We have been able to work out protocols for several different genes and several different schemes of dosage parameters. That has involved literally more than 1000 mice.

We have also then gone into the more difficult guinea pig models and been efficacious in those models. Finally we went into Rhesus monkeys and took a very aggressive dosing stance because this is a very large hurdle and with a very aggressive dosing stance, we were able to achieve survival in 75% of the animals. So a very stunning result that has never been produced before with a therapeutic regime.

Based on that, we have also gone quite aggressively into research studies with the Marburg virus. Marburg structurally is identical to Ebola Zaire, just a little bit different in the untranslated reading frame before the major structural genes. So the viruses are very, very similar. Since we target our NeuGene drugs to the untranslated regions, our drug is in fact quite different for each virus. So we basically had the start over when we started with Marburg.

We had quite a series of reiterative experiments where we looked at survival data in the guinea pigs and then went back to the lab to modify and tweak the NeuGene drugs. We are at the point now where we believe we have achieved near 100% efficacy in the guinea pigs with a variety of different genes. So once again it has been a very successful program.

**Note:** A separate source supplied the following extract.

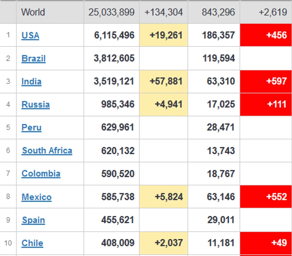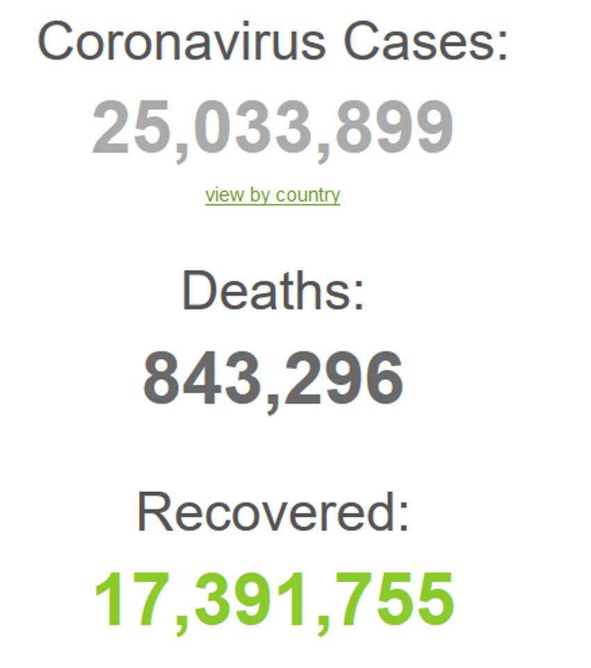 Preciznije, trenutno je u svetu korona virusom zaraženo 25.033.899 osoba, dok je broj umrlih 843.296. Oporavilo se 17.391.755 osoba. Aktivnih slučajeva trenutno je 6,7 miliona.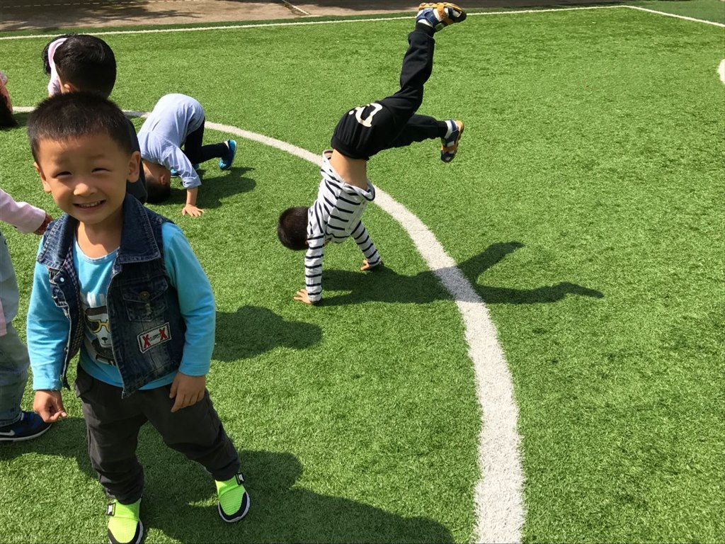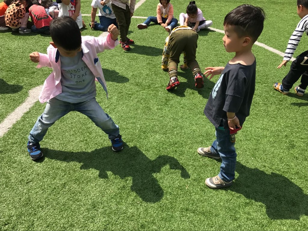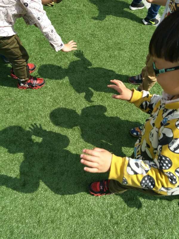 红东幼儿园小班的孩子们学习了儿歌“阳光”,孩子们静静地在草地上休息,几个孩子在玩影子的游戏。

We will continue with both of those programs because we believe not only is this the potential drug for further development under the Bioshield program, but also it gives us tremendous insight into how to target and deliver drugs for very, very aggressive infectious diseases. And we have learned a lot that we have able to apply to our hepatitis C program just from the work that has gone on against these hemorrhagic aggressive viruses.

There are no further questions at this time. Are there any closing remarks?

I would just like to add that I thank you all for joining us on this call and reiterate my comment that I made at the beginning that we believe this is a key year for AVI because of the clinical programs that are now in hand. Thanks so much.

Ladies and gentlemen, that concludes your conference call for today. We thank you for your participation and ask that you please disconnect your lines.